I argue that the emergence of capitalism during this period should in part be understood as an expression of pent-up consumerism. Consumerism was not simply an accommodation to a changing socioeconomic system, but a driver of it. The pre-existing demand of English people for sugar must be considered as a factor in efforts to secure and develop the English colonies and Atlantic markets. Historians have long recognized the importance of sugar as a vehicle of capital accumulation, of its production zones as markets for British industrial goods, and of sugar plantations themselves as early models of industrial organization. Yet sugar’s influence as a consumer good has not been as well explored.
My research indicates that factors such as lower prices, greater availability, or social change do little to explain sugar’s popularity in England before the development of the English sugar colonies, when prices remained high (though not prohibitively so) and work rhythms traditional. While the sugar-slave complex did buttress the rise of capitalism – in particular, sugar’s narrow cultivation zone and its capital-intensive processing characteristics encouraged trade and market production of all kinds of surplus commodities, and the wealth it generated fostered capital accumulation and expanded the slave trade – people did not become habituated to sugar because of the cultural and economic changes brought by capitalism. I argue that the sequence was in fact quite the reverse: it was sugar dependency that fostered capitalistic behaviors.

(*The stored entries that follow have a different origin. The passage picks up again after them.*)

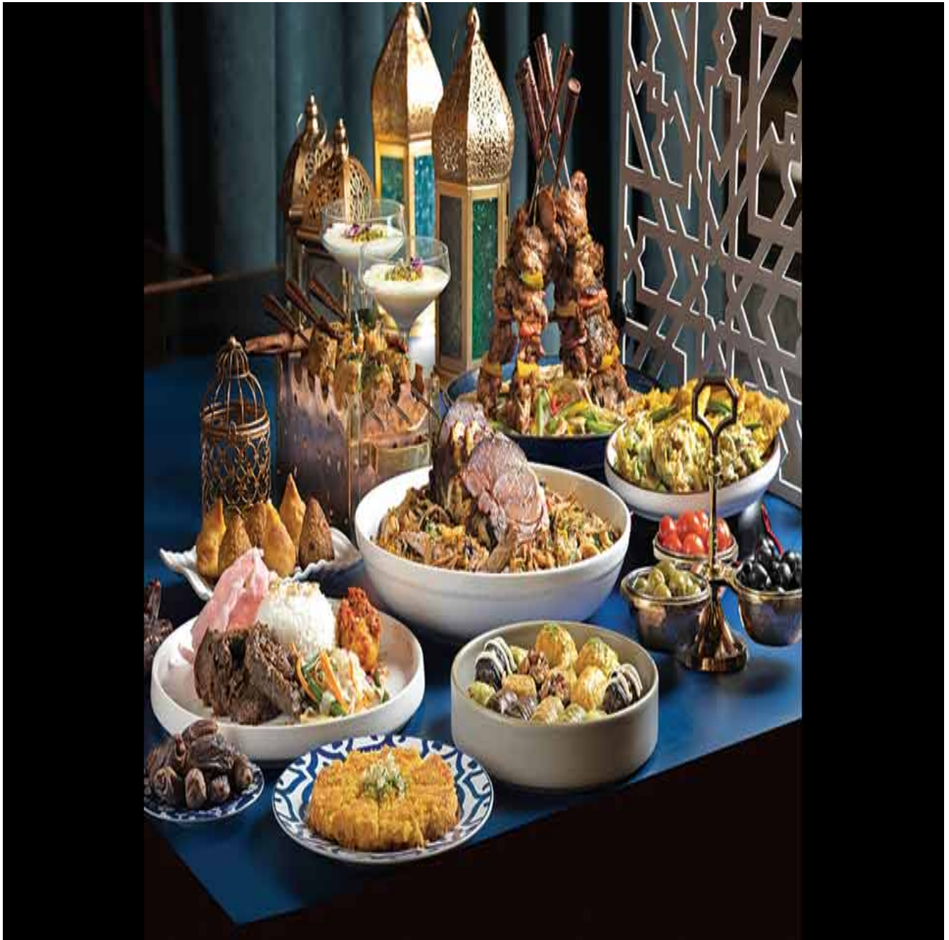
Le Meridien Dhaka

This Ramadan, Le Méridien Dhaka is offering an opulent dining experience featuring a grand buffet iftar cum dinner at BDT 11,500 net per person and an exclusive buffet suhoor at BDT 8,500 net per person.
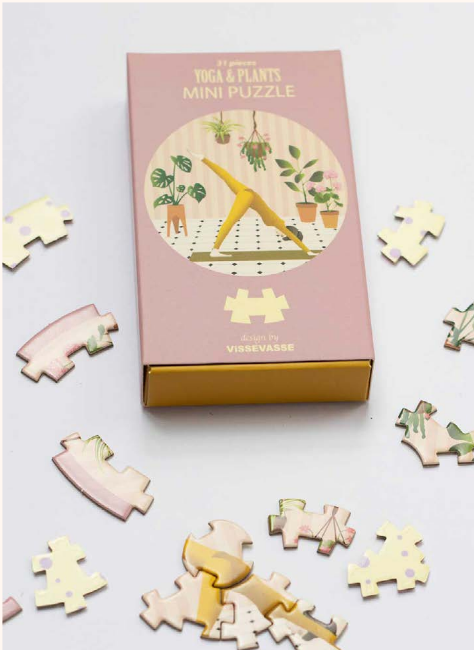
Yoga & plants, mini puzzle, 8 €

Miracle boxes. That's what we call our mini puzzles (with a twinkle)
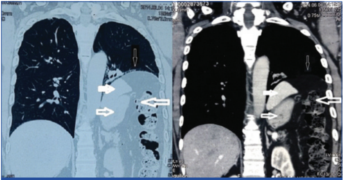
[Table/Fig-1]: Coronal section of CECT scan of chest showing stomach (single arrow), spleen (thick white arrow), splenic flexure and colon (bigger arrows) below the elevated and thin left hemidiaphragm (black arrow).

Patient responded well to medical treatment for his respiratory

The intense reaction that sugar produced in the body – generating sensations associated with healing, life, and nurture – contributed to its unique role in the early modern gift economy. Ironically, this cultural function only reinforced demand for the commodity, resulting in perhaps the most impersonal, profit-driven industrial production process yet seen in the Atlantic world, and rendering sugar a source of social devastation. My dissertation is both a quantitative economic history and a cultural analysis of the processes involved in human choice and behavior. I undertake to uncover why, beginning in the seventeenth century, far-flung groups contributed enormous financial and human resources to large-scale sugar production and trade, changing the face of the Atlantic world and accelerating the pace of modern economic development.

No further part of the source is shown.